On May 22, 2014 the Supreme Court of Canada reaffirmed the control / dependency test for “employment”, and decided that human rights legislation doesn’t protect a person with an ownership interest in the business from employment discrimination – including mandatory retirement at age 65.

McCormick was an equity partner in a law firm. The partnership agreement applied to all partners and included a clause mandating retirement at age 65. The human rights legislation protected “employees” from discrimination in “employment” relationships, including based on age. McCormick filed a human rights complaint, saying the clause did just that. The law firm, however, said the protection didn’t apply to McCormick because there was no “employment” relationship.

The SCC agreed. Its decision is based on the BC human rights laws, but human rights laws in all four Atlantic Provinces protect “employees” in an “employment” relationship from discrimination. The SCC’s decision therefore applies beyond BC:

  • Liberal Approach in Context. The SCC reconfirmed that tribunals and courts should approach the definition of an “employment relationship” and an “employee” in human rights legislation in expansive, broad and liberal way – but also bearing in mind the law’s purpose of protecting vulnerable groups from discrimination.  
  • “Employee” Test. The SCC also reconfirmed that the “test” for who is an “employee” under human rights legislation is still control and dependency – who controls the worker’s working conditions and financial benefits and the extent to which he has an influential say in them or is subject and subordinate to someone else’s decision-making over them – regardless of the form the relationship takes.
  • Never Say Never. The SCC said that in most cases, “partners” are collectively the “employer”, not employees of the partnership – but explicitly acknowledged the possibility a partner could be an “employee” protected by human rights laws in other circumstances.

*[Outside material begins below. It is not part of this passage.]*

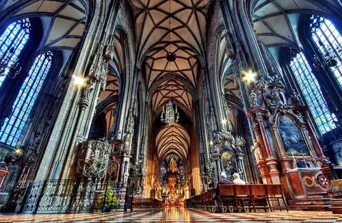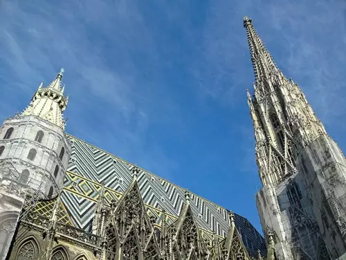 教堂建造于14至16世纪之间,是维也纳的标志性建筑,也是奥地利最为重要的哥特风格建筑。北塔有一部快速电梯驶向观景台和普默林,这是奥地利最大的大钟。南塔有343级阶梯,可通往72米高的塔楼。昔日的地下墓穴里安葬着主教们的棺材。教堂内还珍藏着很多艺术品, 有些艺术珍品只有导游带领才能参观, 例如弗利德里西三世皇帝的红色大理石棺,1500年创作的牧师布道坛和“维也纳新城圣坛”。

The SCC’s decision that this equity partner wasn’t an “employee” under the human rights law isn’t surprising in the circumstances of this case. However, it may surprise other organizations traditionally structured as partnerships (like accountants, engineers and architects) that the SCC expressly left the door open to this possibility in other circumstances – and prompt them to review their own circumstances and the related risks.